In short, Seller’s Interest clause is supposed to come to the rescue of a seller who remains unpaid because of loss or damage to the goods exported, (which he was not obliged to insure unlike in case of CIF/CIP), following which the buyer rejects the entire consignment. It is essentially a ‘ contingent cover’ which triggers when this contingency of the buyer rejecting the whole consignment following loss/damage and not paying the attendant invoice arises. The risk of the voyage basically is that of the buyer but following a loss/damage, if the sale is on credit basis, it becomes easier for the buyer to reject the contract rather than paying the invoice and then collecting the claim for loss/damage from his insurers.
The Seller’s Interest clause is often not fully understood by insureds, intermediaries and insurers OR well understood and misused, Either way, claims under Seller’s Interest clause are not easy to establish and get, they were not intended to.
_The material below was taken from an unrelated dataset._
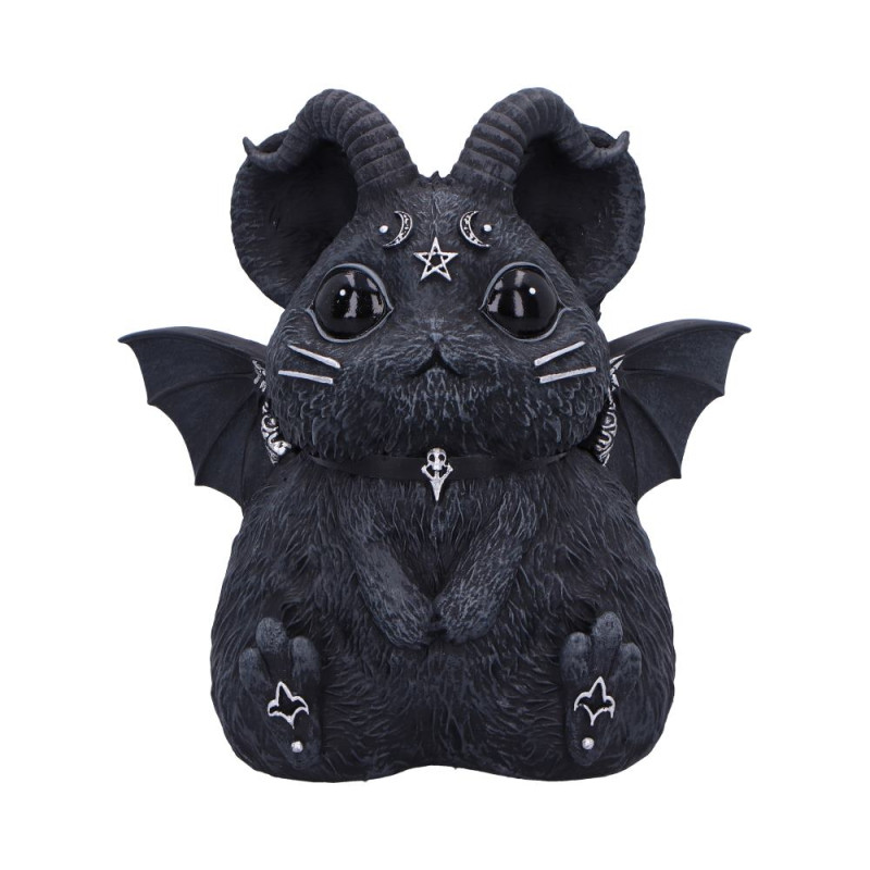 Introducing the enchanting Cult Cuties Marchillias, a delightful figurine inspired by the charming chinchilla, now with a whimsical twist. This adorable creature features menacing horns, bat wings, and a collar adorned with a silver skull, blending cuteness with a hint of gothic allure. Perfectly packaged in a Nemesis Now Cult Cuties branded gift box, Marchillias sits securely within a protective foam insert, topped with luxurious red felt. The box's see-through window ensures this unique piece is displayed beautifully. Ideal for collectors and lovers of gothic and witchy decor, Marchillias also makes a perfect gift. Let the charm of Marchillias grace your collection and dcor today!NN Designs

It was a contingent cover offered to a valued client.
A close reading of the clause will reveal the responsibilities it casts on the insured. Three important warranties form part of this clause, which assureds are often blissfully unaware. The existence of this Seller’s Interest cover should not be disclosed to the buyer. Secondly, all legal rights and remedies of the seller against the buyer must be protected and subrogated to the insurer on settlement of any claim under this extension. In many cases, the seller and the buyer have close business relationships and when pointed out that after claim settlement, the insurer would proceed against the buyer legally, usually there are loud protests. Insured wants the claim as well as the business relationship with buyer to continue smoothly. There have been instances, when this condition was pointed out, the claims under Seller’s interest were withdrawn.
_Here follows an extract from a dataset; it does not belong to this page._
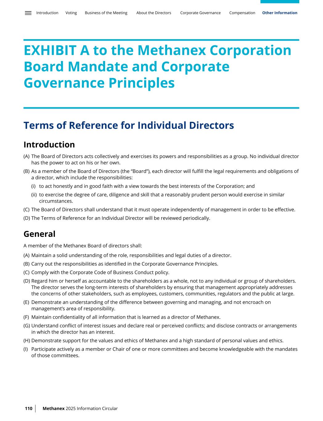 EXHIBIT A to the Methanex Corporation Board Mandate and Corporate Governance Principles Terms of Reference for Individual Directors Introduction (A) The Board of Directors acts collectively and exercises its powers and responsibilities as a group. No individual director has the power to act on his or her own. (B) As a member of the Board of Directors (the “Board”), each director will fulfill the legal requirements and obligations of a director, which include the responsibilities: (i) to act honestly and in good faith with a view towards the best interests of the Corporation; and (ii) to exercise the degree of care, diligence and skill that a reasonably prudent person would exercise in similar circumstances. (C) The Board of Directors shall understand that it must operate independently of management in order to be effective. (D) The Terms of Reference for an Individual Director will be reviewed periodically. General A member of the Methanex Board of directors shall: (A) Maintain a solid understanding of the role, responsibilities and legal duties of a director. (B) Carry out the responsibilities as identified in the Corporate Governance Principles. (C) Comply with the Corporate Code of Business Conduct policy. (D) Regard him or herself as accountable to the shareholders as a whole, not to any individual or group of shareholders. The director serves the long-term interests of shareholders by ensuring that management appropriately addresses the concerns of other stakeholders, such as employees, customers, communities, regulators and the public at large. (E) Demonstrate an understanding of the difference between governing and managing, and not encroach on management’s area of responsibility. (F) Maintain confidentiality of all information that is learned as a director of Methanex. (G) Understand conflict of interest issues and declare real or perceived conflicts; and disclose contracts or arrangements in which the director has an interest. (H) Demonstrate support for the values and ethics of Methanex and a high standard of personal values and ethics. (I) Participate actively as a member or Chair of one or more committees and become knowledgeable with the mandates of those committees. Introduction Voting Business of the Meeting About the Directors Corporate Governance Compensation Other Information 110 Methanex 2025 Information Circular
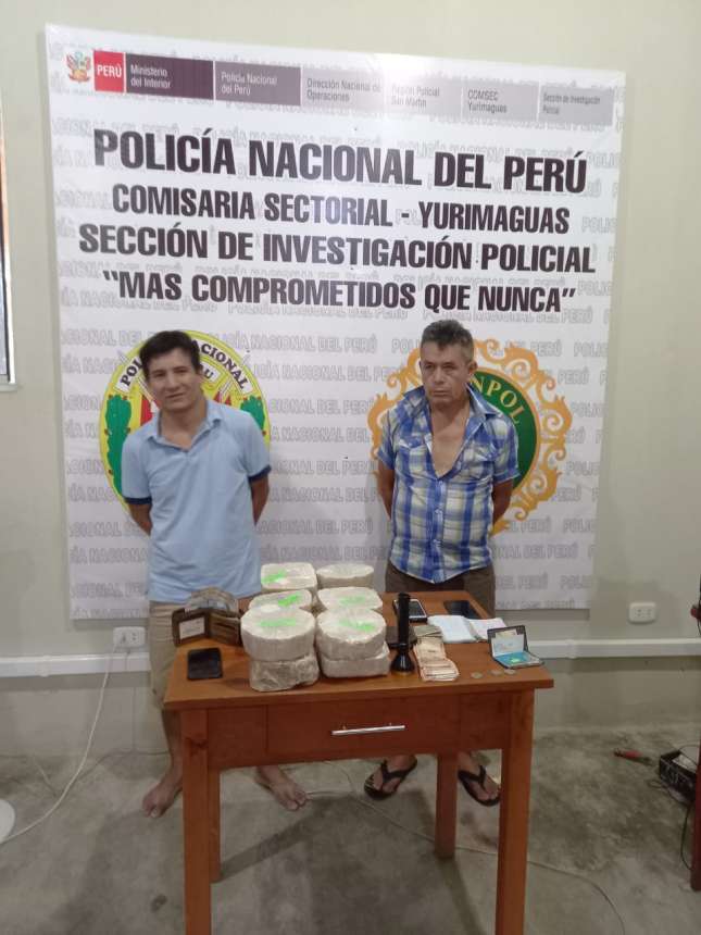 La Policía de la comisaría de Yurimaguas, capturó el sábado 23 de octubre de 2021 a dos presuntos traficantes de droga con 12 kilos de pasta básica de cocaína, en el interior del Hospedaje Pacucho.

Recall, a large claim under Seller’s interest ( approximately INR 25 million) where the export on CFR terms to a government-owned organisation in an African country got damaged and was rejected. All the documents were in order and assessment agreed too. Insurer insisted on a subrogation which the insured refused to give citing business reasons. Now the insured was a large pharma manufacturer and an invaluable client for the insurer. It was finally agreed that although a subrogation letter would be taken to complete the documentation, no recovery action would be initiated against the buyer.
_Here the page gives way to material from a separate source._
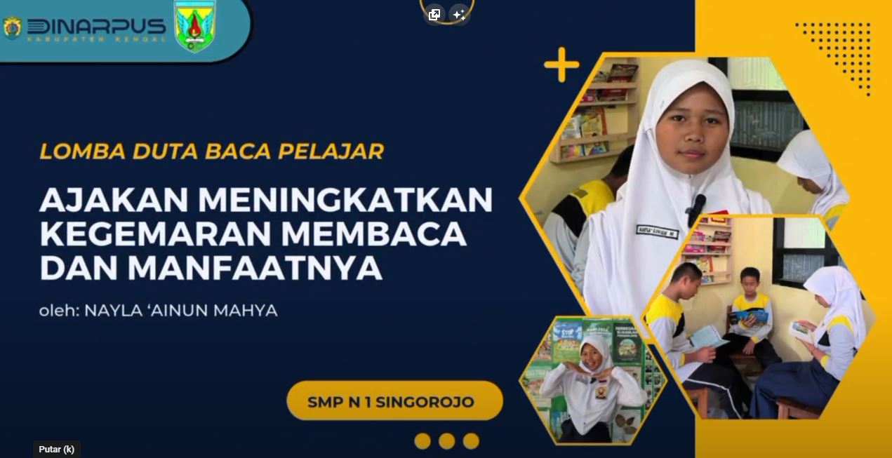 Rizqia Dwi Nata terpilih sebagai Duta Baca Pelajar dalam lomba Duta Baca Pelajar yang diselenggarakan oleh Dinas Perpustakaan Kabupaten Kendal. SMPN 1 Singorojo mengucapkan selamat kepada Rizqia Dwi Nata dan pendamping, semoga terus berkarya dan berinovasi untuk SMP Negeri 1 Singorojo.
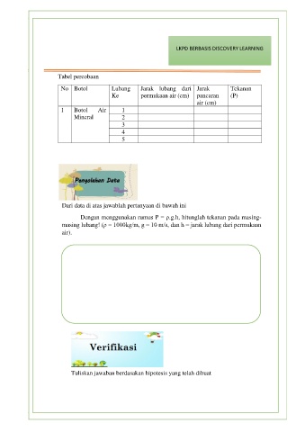 Dengan menggunakan rumus P = ρ.g.h, hitunglah tekanan pada masing-

Another important point to be noted is that, claim if any will be paid to the seller (insured) in India in Indian Rupees only. So, following a loss assessment, one of the documents sought by insurers is a ‘ No Objection certificate’ from the buyer, confirming that he had not effected payment of the concerned invoice and he has no objection if the claim proceeds are made to the seller. On the one hand, it is warranted that the existence of this insurance should not be divulged to the buyer, on the other a NOC is sought from the buyer. Possibly, after a loss , the warranty becomes inoperative and the existence of this insurance can be made known to the buyer. There have been instances where the relations between seller and buyer had soured following the loss/damage. Buyers had refused to issue NOC and the sellers ( the claimant) had submitted forged documents purportedly from the buyers.
At the other end of the spectrum are the cases where seller and buyer connive. The existence of this cover is well known to the buyer. A fictitious export takes place or an export showing inflated values is insured with Seller’s interest clause. The buyer gladly gives a NOC and when the insurer makes a settlement, the Enforcement Directorate lands up. Why? The exporter laps up all the export incentives and benefits given, conjures up the documentation and also gets paid under Seller’s interest. Insurers will do well to make sure that the export documentation is in order and losses, if any, after export reported to the concerned authorities.
The ease with which Seller’s Interest is granted by underwriters is often a nightmare for claim handlers.